Any remaining doubt about the social power of the companies that control social media in the West should have been put to bed by the digital defenestration of Donald Trump.
Given that Facebook and Twitter have immense, unprecedented power to manipulate and control what we read and hear and who gets to write or say it, and they have finally chosen to exercise that power in a brutally unsubtle way, is that OK? What can, or should, the law do about it?
Free speech is an abstract notion, in that it has never existed anywhere. All societies constrain its exercise for the same reason that they constrain free choice. That leaves no basis for arguing it is wrong in principle for social media companies to exercise some control over the content on their platforms.
Nor does it make sense to say social media should be free of government control over its content. To some extent governments always regulate what media can publish or broadcast — even in the most liberal societies.
Where we find ourselves was inevitable. For the longest time, the social media giants avoided this moment because it rubs against the principles on which they were founded.
It was inevitable, however, because with power comes the observability of social licence. All businesses operate with a social licence — that is the implicit mandate to exist on the assumed basis that that existence serves the social good.
The more powerful a business becomes, the more consequential is its licence, and the more likely that that licence may be revoked or subjected to limitations.
The story of capitalism is largely that sequence of events.
So Facebook and Twitter were always going to face a reckoning with their own power, and Trump forced it upon them by the sheer scale of his recklessness. They made the right and only choice to take him down as the alternative had become incompatible with their social licence to continue to exist.
However, now they have a problem — also inevitable. Critical to their operating artifice — that they are mere passive providers of a public square on which others make and share the content — is the claim that they have no legal responsibility for what happens on their platforms. They are not, in short, publishers.
That is now a very hard argument to make, because they have just exercised the fundamental power of the publisher: to choose what gets published on their watch. It does not make sense for them to now continue to assert that they can’t be held accountable for content.
The law is a long way behind on this. The courts have been struggling along, trying to retrofit old case law from pre-internet times to the digital world, with predictably arbitrary results. There is no analogy between a noticeboard in a golf club and Facebook, yet we’re still having that argument.
The time is fast approaching for a new perspective on the legal responsibility of social media platforms for their content, because it is in a genuine sense theirs. They are increasingly controlling it — as they must for social reasons — and they can’t continue to escape the legal consequences.

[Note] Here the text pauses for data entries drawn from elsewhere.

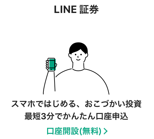 LINE証券は1株ずつ買えるから資金が少ない人でも買えるし、最大3株もらえるキャンペーン中なのでオススメです(キャンペーンの内容や適用方法は口座開設の申込の前にLINE証券の公式サイトで確認してください)
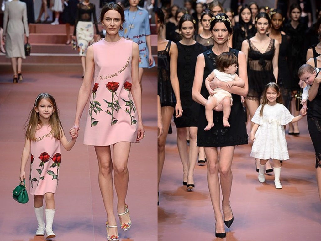 Bộ sưu tập ready-to-wear mùa thu 2015 của D&G là sự tôn vinh gia đình và tình mẫu tử. Đường băng có sự góp mặt của 11 bà mẹ trên sân khấu cùng các con của họ, bao gồm cả người mẫu Ý đang mang bầu, Bianca Balti. Đương nhiên, điều này đòi hỏi một hậu trường vườn trẻ đầy đủ. Hơn nữa, bản in của họ dựa trên bản vẽ của các cháu gái và cháu trai của Domenico.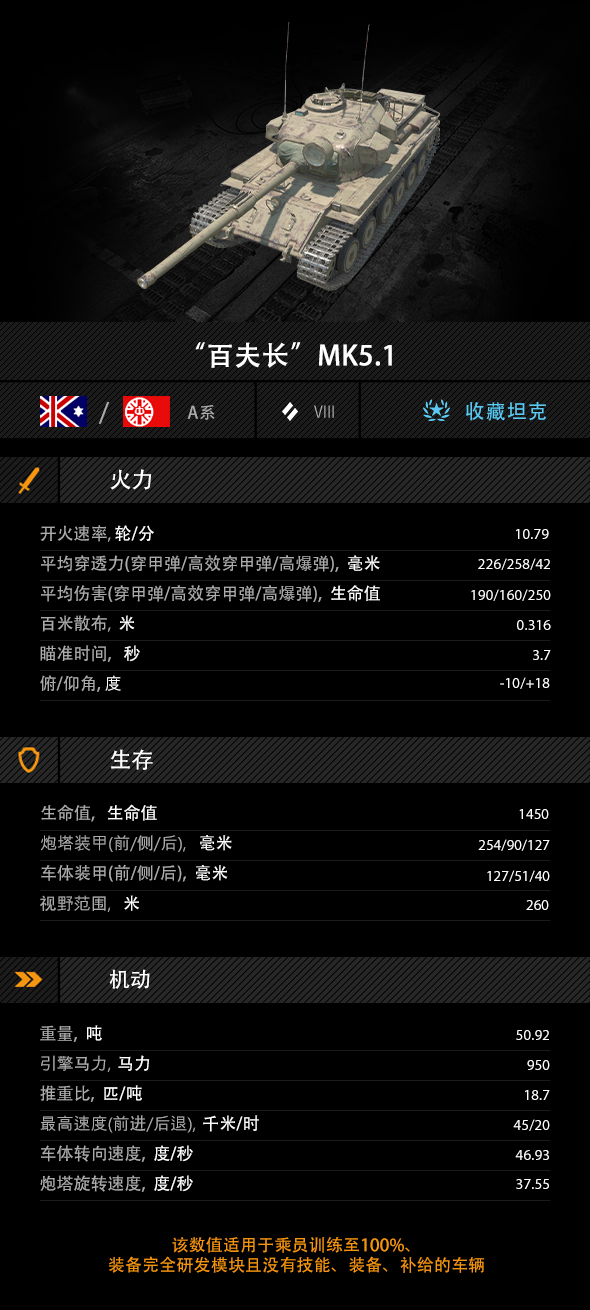 “百夫长”MK5.1拥有226/258/42的平均穿深,单发伤害虽属常规水平,但凭借5.56秒的装填时间,使其具备了出色的持续输出能力。0.316的百米精度使其在中远距离交战中能够稳定命中目标,有效打击敌人。该车拥有45千米/时的前进极速,配合18.7马力/吨的推重比,使其具备一定的转场与战术应变能力。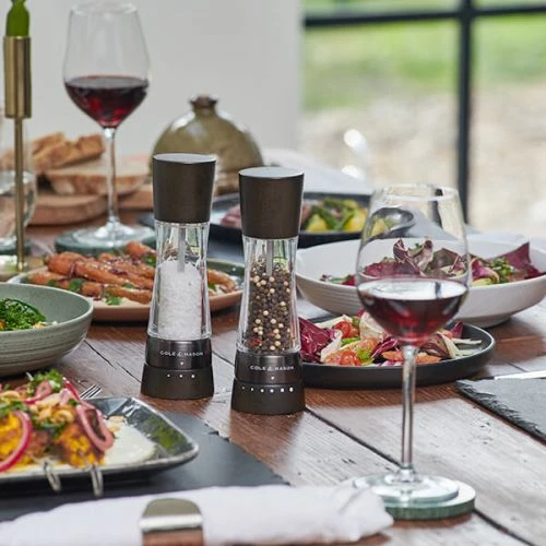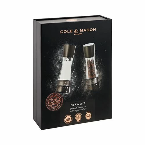 The Cole & Mason Derwent Black Wood Gift Set includes a pepper mill and a salt mill. Stylish and sleek and looks great as part of your table setting. Perfect for adding freshly ground pepper to your home cooking and meals at the table.
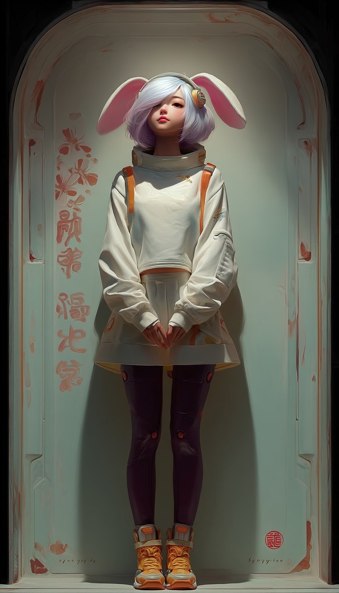 Автоперевод: Lycoris Cyber Pilot, "Lycoris 31", симпатичная китайская девушка в коротких плотных штанах, негабаритный свободный пуловер с длинными рукавами, серебряные волосы, великолепные изгибы, выходите из Mecha, пухлый, сплести, кабина, механические уши кролика, студийная фотография, игровой косплей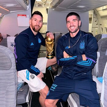 Otros compañeros elegidos por Messi para el recuerdo en las redes sociales fueron sus compinches durante todo el ciclo: Rodrigo De Paul y Nicolás Otamendi. Leo compartió una instantánea con el volante del Atlético de Madrid, solos con la Copa en medio de los asientos vacíos del avión. Al defensor lo incluyó en la grupal. “Y si vos sos el mago, ¿cómo no va a existir la magia?”, devolvió De Paul.

To waste time arguing about whether they should or should not have deplatformed Trump is to miss the point because it was always going to happen (if not to him, then to the next, even more dangerous, demagogue). We should be talking about what it means.
It is well past time we put to bed the notion of free speech. All societies set rules and boundaries around speech. The scope of the rules depends solely on the structure of the government. That democratic nations enjoy more social licence regrading speech doesn’t mean it doesn’t exist. Social media companies are long overdue and have only lasted this long because of their money and power. Bring on more governance of SM I say. I’m well over their “ it’s got nothing to do with us” bullsh!t as their platforms disseminate hate, lies and ignorance.
Think this conflates continued breaches of ‘terms of service’* with the ‘freedom of speech’ catch all, backgrounded by ad hoc regulation that is careful not to impinge on legacy media (in case they also have to follow).
The issue is how public figures can push the boat out in public media or platforms when normal people cannot make any transgression or worse be sued, assuming they can access the same?
Trump like too many others to mention in power, who demand constraints on digital platforms for their benefit while continuing to use the same to demonise or denigrate others. *Trump should have been kicked off years ago…..
The big platforms are so wealthy from retailing their product – users – that they feel omnipotent.
Enjoy the hubris moment – Nemesis has you on her dance card.
A publisher takes content and uses technology to reach an audience. The technology is irrelevant. The source of the content is irrelevant. The restraints that apply to publishers should apply to all digital providers. Including this one. The law should be changed to make, not only Facebook and Twitter responsible for their content but also smaller enterprises many of whom make little or no attempt to moderate the content provided by…..people like me. The suggestion that this is unfair because it is expensive and difficult to moderate a large flow of content merely highlights a problem area for the businesses concerned. The existence of places like this solicit content. Presumably, since they do it, this boosts revenue so where is the excuse?